I think it’s safe to say that all VCs have at least noticed this transition, but there have been a number of different approaches to the new opportunities proposed by cleantech. To borrow analogy from poker, here are a few ways firms have chosen to play the clean technology hand:

1.    “All in” – Some firms have essentially pushed in all (or virtually all) of their resources, betting that cleantech will replace traditional IT sectors. These firms have either repurposed their existing IT investors to focus on cleantech subsectors or they have hired additional personnel: materials scientists, chemists and others with energy sector expertise. Some of have raised new funds specifically to address cleantech while others invest out of their primary funds.

2.    “Fold” – Other firms take the view that their value-add as investors would be compromised by an out-of-scope shift of focus to the energy sector given the disparity in underlying technologies (biofuels, thin-films, photovoltaics, etc…), and so they continue to look for opportunities in sectors where the investment team has expertise and contacts in traditional IT areas.

3.     “Smooth call” – The third approach is to view the energy sector as a vertical market that is partially addressable by information technologies. This view holds that the economic, business and environmental problems being solved by cleantech companies are too large for investors to ignore, but that certain areas of clean technology are not a fit for the relatively small funds raised by venture capitalists. The play here is to map these new opportunities to the current VC evaluation process – size of problem, quality of team and appropriateness of technical solution to that problem. The additional layer here is the evaluation of technologies outside of software, networking, semi-conductors, etc… that have comprised IT investing for the last few decades.

We here at RRE pursue this third approach, selectively deploying our capital toward “green IT” companies that are solving serious energy sector and environmental problems using technology and business model innovations in ways that we’ve valued since long before the cleantech movement began in earnest. Today we have several investments that can be described as “green” investments: Recyclebank, which is building an infrastructure to enable incentivized consumer recycling, Tendril, whose software powers smart meters that enable consumers to manage their energy use, and Ember, whose chips and suite of products enable the sensors and devices that will power the awareness and reduction of energy use by consumers and businesses.
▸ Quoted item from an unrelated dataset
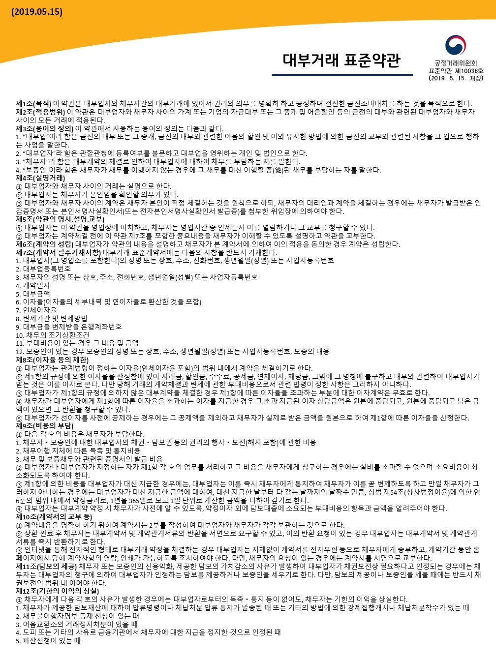 [약관안내] 대부거래 표준약관 (공정위 2019.05.15 개정)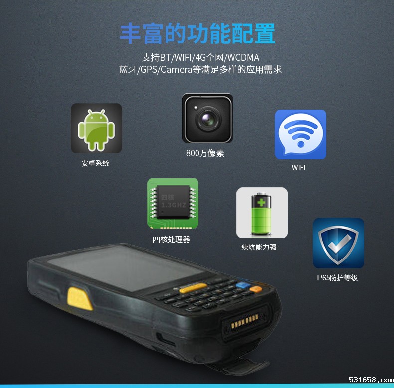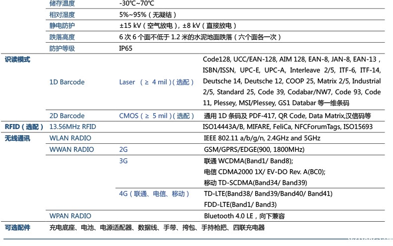 支持1D/2D/BT/WiFi /4G*网通/3G*网通/GPS/ Camera/NFC,满足多样应用需求。

We have a couple of others in the hopper, too, but this isn’t the place to announce them.

In each case, we have invested in a business we understand (software, semiconductors and technology-enabled networks), but which seeks to solve a green problem. We are not the right investor for capital-intensive project finance, and are unlikely to get involved in those types of businesses. We probably couldn’t tell you which type of algae can convert waste into oxygen faster than another and don’t want to try. But just as the mainframe computer solved large problems for enterprises, and personal computers solved large problems for consumers and small business, and the way the internet solved problems for everyone, we think technology can effectively address a lot of the problems associated with energy use and efficiency. And we will continue to aggressively pursue great companies solving these critical problems. We think that venture-backed startups can be as important in the green sector as they have been in other IT areas, but we’ll be selective about which hands we’re willing to play.